There were two Swedish MBA students visiting to understand more about China's economy, particularly from the perspective of intellectual property rights, or IPR.
"Why," asked the young lady, "Is China so backward on IPR issues?"
I looked at her in amazement. "Backward?" I exclaimed. "What do you mean? China is at the forefront of trends on intellectual property, it is forging a path to the future; it is pioneering new IPR business models for the new century."
Here is the pitch: Globally, retail sales of CDs have been slowly losing ground to online downloads of MP3 files. But in China, the listening public just circumvented the whole issue and went straight for MP3. The MP3 format for listening to music on Winamp through PC speakers was the standard in offices and homes across China in the late 1990s, years before that was the case in Des Moines or even Los Angeles, ages before the iPod was even a twinkle in Steve Jobs' eye.
Surely that is the sign of a pioneering and efficient system – it spots the technology and solution that will win out and concentrates on them, letting all other approaches drop away.
This is not a frivolous comment. The global music industry is struggling with how to deal with the technological shift that has taken place in the past decade, with the Internet and MP3 and downloads, and it is finding it hard to shed its old business models and preconceptions. There will always be a music business and consumers will always pay somehow for something, even if it is just convenience. But the revenue model of the future will not be a simple deal of shipping product to HMV stores and consumers are never going to assign the same value to a minute of music ever again.

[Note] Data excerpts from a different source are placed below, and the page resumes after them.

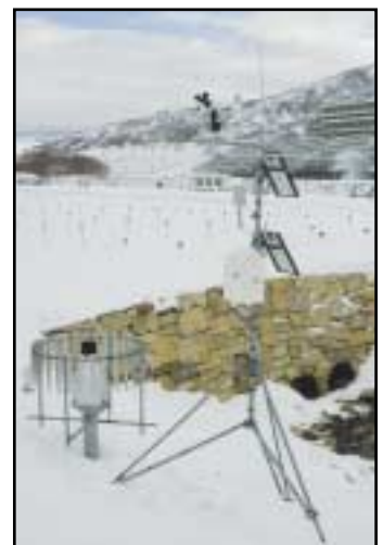
A station stands at Soldier Hollow Stadium, venue for the biathlon, all cross-country skiing events and the nordic combined.

Managed by the Salt Lake Organizing Committee
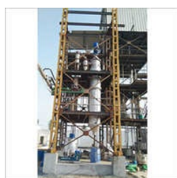
Industrial Agitated Thin Film Dryer
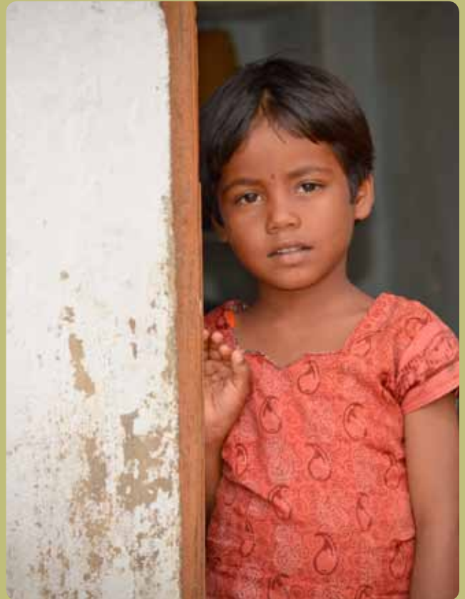
Paint with high levels of lead is sold widely in developing countries.
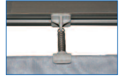
Spring Clip (Graphic Option D)

NB - Fixings not included with kit for any of the graphic options shown
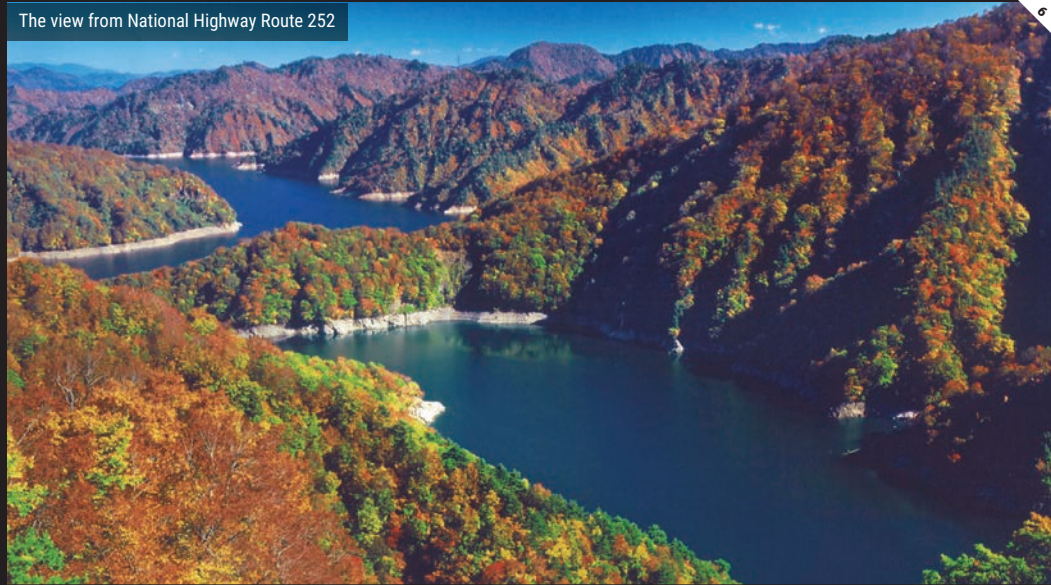
The view from National Highway Route 252

💰 Fee : 10,000 yen / 30 min. (up to 5 people) ✉ Reservations : info@tadami-net.com
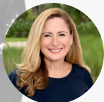
CONGRESSWOMAN DEBBIE MUCARSEL-POWELL (FL-26)
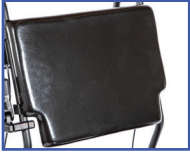
P11107 18"W Solid Back
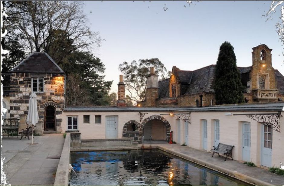
THE ORNAMENTAL POND
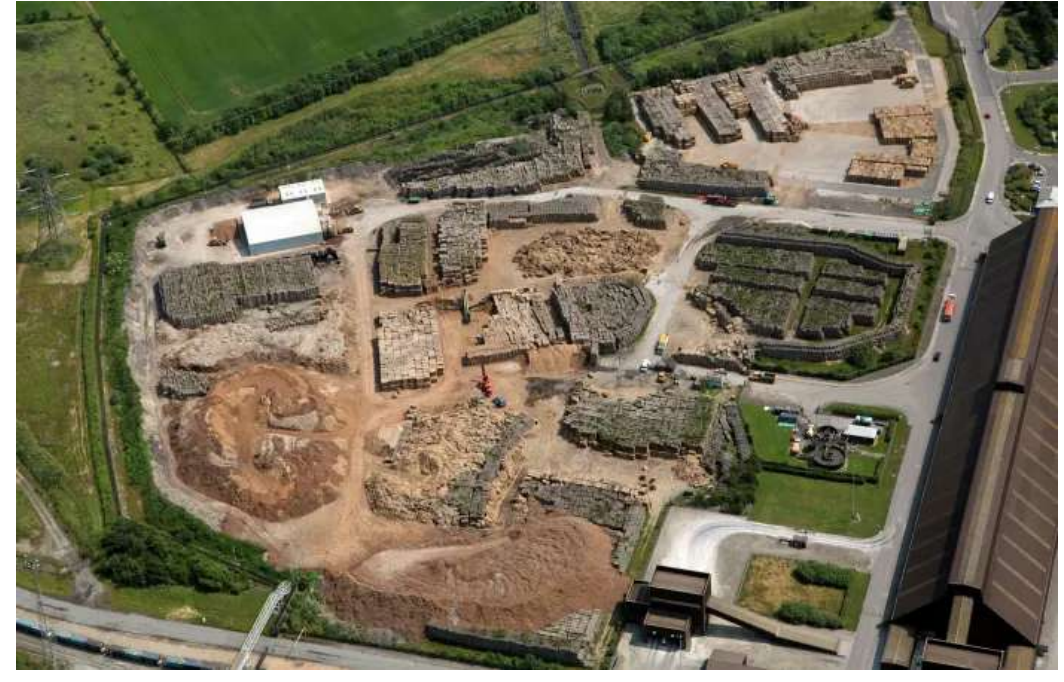
Drax power station in Yorkshire. The industry insists responsibly produced biomass is carbon neutral, as emissions from burning pellets are sucked up by regrowing trees
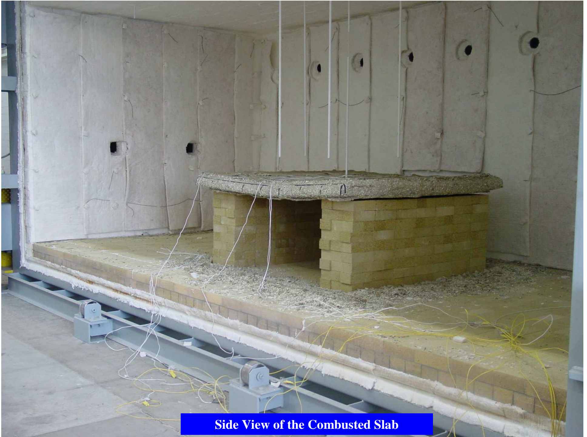
Side View of the Combusted Slab
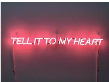
Tell It To My Heart, 2018
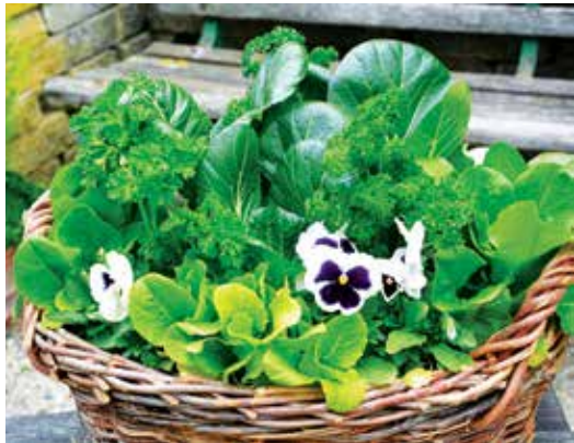
Photo, top left: Ready-made salad in a basket.

Dirty fingernails and all, Sioux Rogers • 541-890-9876 dirtyfingernails@fastmail.fm
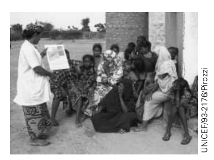
Hygiene instruction is an important activity at this community health centre in Mali.

In ZAMBIA, with central government support, villages in 10 of the country's most deprived districts work with local governments to plan, maintain and manage their own water and sanitation facilities. Since the programme began in 1995 several villages have provided sanitation to all residents.
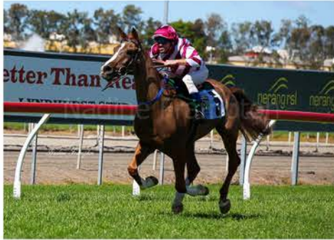
'Reid River R-Mani'

China viscerally understands that in a way that the US as a whole does not yet. The result is that a lot of pioneering work is being done by people in the China music industry to seek out business models that work in the context of the new technology and consumer mindset. The US and the West in general will follow as the old world is allowed to die, in order to allow the new world to grow.
Many, maybe most, songs that are recorded in China these days are done so on the assumption that there will be no direct profit made on the retail sale of those tunes through CDs. But composers still compose songs, companies still sign artists and recording studios still churn out product.
The revenue event, the "point of sale,? has shifted along the line. It is no longer necessarily the consumer buying a physical item in a store. Who is the most popular pop star in China as I write? Zhou Jielun, a Taiwan hip-hop sort of Chinese Eminem-influenced brooding angular anti-pretty boy. I ask the first Chinese person sitting next me if she has ever heard his songs.
"Yes."
"Did you buy the CD? "
"No."
"Where did you hear them?"
"I downloaded the MP3s."
"So how does Zhou Jielun and his company make money?"
"Of course, concerts."
That's it. The new model is that recorded music is a promo for other activities. And China is leading the way.
From a national perspective, too, China exhibits a level of raw entrepreneurial talent that totally offsets the cliched image of stultifying state control. The stultification exists, of course, in terms of individual companies and individuals.
But as a holistic system, China is frighteningly entrepreneurial. Look at the way it grabs manufacturing contracts off other producers around the world, and how it reacts more swiftly than any other economic entity to changes in market conditions.
Take textiles. When the global quota system ended, China producers piled on the production, the West screamed, the producers started shipping product to Hong Kong and other places to shift the apparent place of origin.
It's just brilliant business strategy. Entrepreneurial and innovative, China is ahead of the curve.